Ryan J. Sloan, a former New Jersey electrician making his feature filmmaking debut, brings us into Frankie’s headspace with a ’70s-style grittiness. A shaky handheld camera reflects the instability of Frankie’s reality, with a graininess that adds extra scruff to the dirty streets, dingy basements and jail-like apartment where she spends her time.

Particularly evocative is the film’s soundscape, which mellows or sharpens with Frankie’s moods. When she listens to tapes of happier times with the young daughter who’s been taken from her care, the recordings grow almost painfully tinny. As she spaces out during a support group for survivors of suicide loss, the voices gradually melt into an undifferentiated drone.

It is during one of these meetings that Frankie meets the woman who’ll kick the story into gear. Frankie had first spotted Paige (Renee Gagner) fleeing from her apartment some nights earlier, and now Paige approaches with a proposition: If Frankie will help Paige steal her car back from her abusive brother, Henry (Jack Alberts), she’ll pay her $3,000 — a veritable fortune to Frankie, who’s just been fired from her job as a gas station attendant. In typically noirish fashion, however, the money isn’t as easy as it seems. When Paige fails to show for the handoff, Frankie sets out looking for her, partly because she needs the money but also because she’s growing increasingly worried that something awful has befallen Paige.

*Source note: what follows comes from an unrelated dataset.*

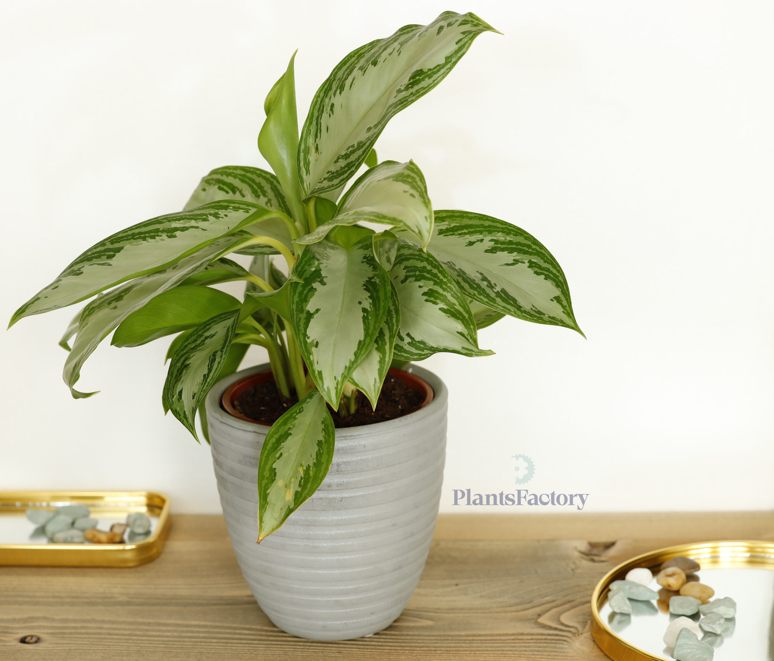 Aglaonema Silver Bay is a popular indoor plant known for its striking foliage, with a height of 40 cm. The plant features large, glossy leaves with a silver-green hue and dark green edges, adding a touch of elegance to any space.

Gazer (co-written by Mastroianni and Sloan) evokes Memento as Frankie follows a trail of breadcrumbs to seedy motels and roaring factories and nondescript apartment buildings — all while trying to keep one step ahead of her own condition. When she breaks into Henry’s home or follows him to his job, her vulnerability is further heightened by the possibility of an episode striking her at any given moment. And always looming in the background is the question of whether Frankie herself might have had a hand in Paige’s disappearance, during the chunk of time that conveniently went missing before their agreed-upon meet.

Though Frankie dismisses this possibility out of hand when she’s questioned by the cops, it’s one that seems to haunt her on some level deeper than she can bear to acknowledge, especially since it so strongly echoes the trauma that wrecked her life. From the first minutes, Mastroianni’s performance makes clear that Frankie is walking wounded, folding into herself so tightly that she might be trying to disappear herself completely. Her nightmares offer clues as to why. Asleep, Frankie is visited by images of herself in another home, with a man, with a gun in her hand, with blood at her feet. As these visions turn more surreal, they take on the scratchy, overheated quality of some horror VHS tape that was supposed to stay lost in the basement.

These make for some of Gazer‘s most riveting sequences, but they’re also a reflection of the film’s greatest shortcoming: namely, that its deepest emotions remain locked away, relegated to abstract symbolism. The question of what became of Paige eventually furnishes an answer that’s firm but not terribly interesting, while the one of what happened to Frankie never reaches a definitive conclusion, and Gazer never convincingly marries the two mysteries on either a narrative or thematic level. So we are left with the shape of Frankie’s grief, but not the texture of it. Her lost family feel more like theoretical ideals than flesh-and-blood humans she knew intimately at some point.

But we’re also left with an appreciation for how deftly Sloan has constructed this world, how clearly he sees this woman who might otherwise move unnoticed through nondescript streets. “Where do you think they’re going, coming from, hiding from?” Frankie asks herself as she scans the crowd around her. “Who are they? Do they know?” Sloan’s gift is that he has the curiosity to wonder, and the self-assurance to bring the stories he imagines into visually arresting life.